Publisher: McFarland & Company, Inc.
Author: Carl Silvio and Tony M. Vinci
Cover Artist:

Cover Price: $35.00
Media: Paperback
ISBN: 0-7864-2910-0 - First

SYNOPSIS
Released in May 1977, the original Star Wars movie inaugurated the age of the movie blockbuster. It also redefined the use of cinematic special effects, creating a new textual universe that now stretches through three decades, two trilogies and generations of fascinated viewers. The body of critical analysis that has developed from this epic focuses primarily on the Star Wars universe as a contemporary myth. However, like any fiction, it must also be viewed-and consequently analyzed-as a product of the culture which created it. The essays in this book analyze the Star Wars trilogies as a culturally and historically specific phenomenon.

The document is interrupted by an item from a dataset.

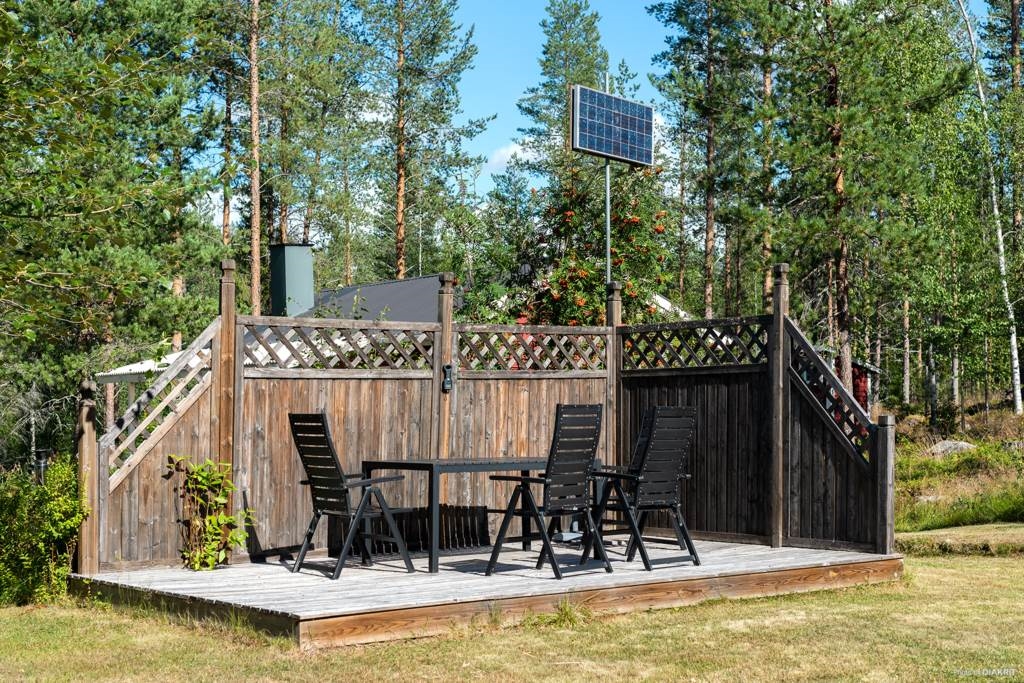 På tomten finns dessutom ett förråd, eldplats och utedass. Vattnet tas från egen brunn som även tidigare använts som dricksvatten.

Moving away from the traditional myth-based criticism of the films, the essayists employ a cultural studies model to examine how this phenomenon intersects with social formations such as economics, technology, race and gender. Critical approaches are varied and include political and economic analysis informed by feminism, contemporary race theory, Marxism, new media studies and post-humanism. Among the topics covered are the connections between the trilogies and our own cultural landscape; the problematic issues of race and gender; and the thematic implications of Lucas' presentation of technology.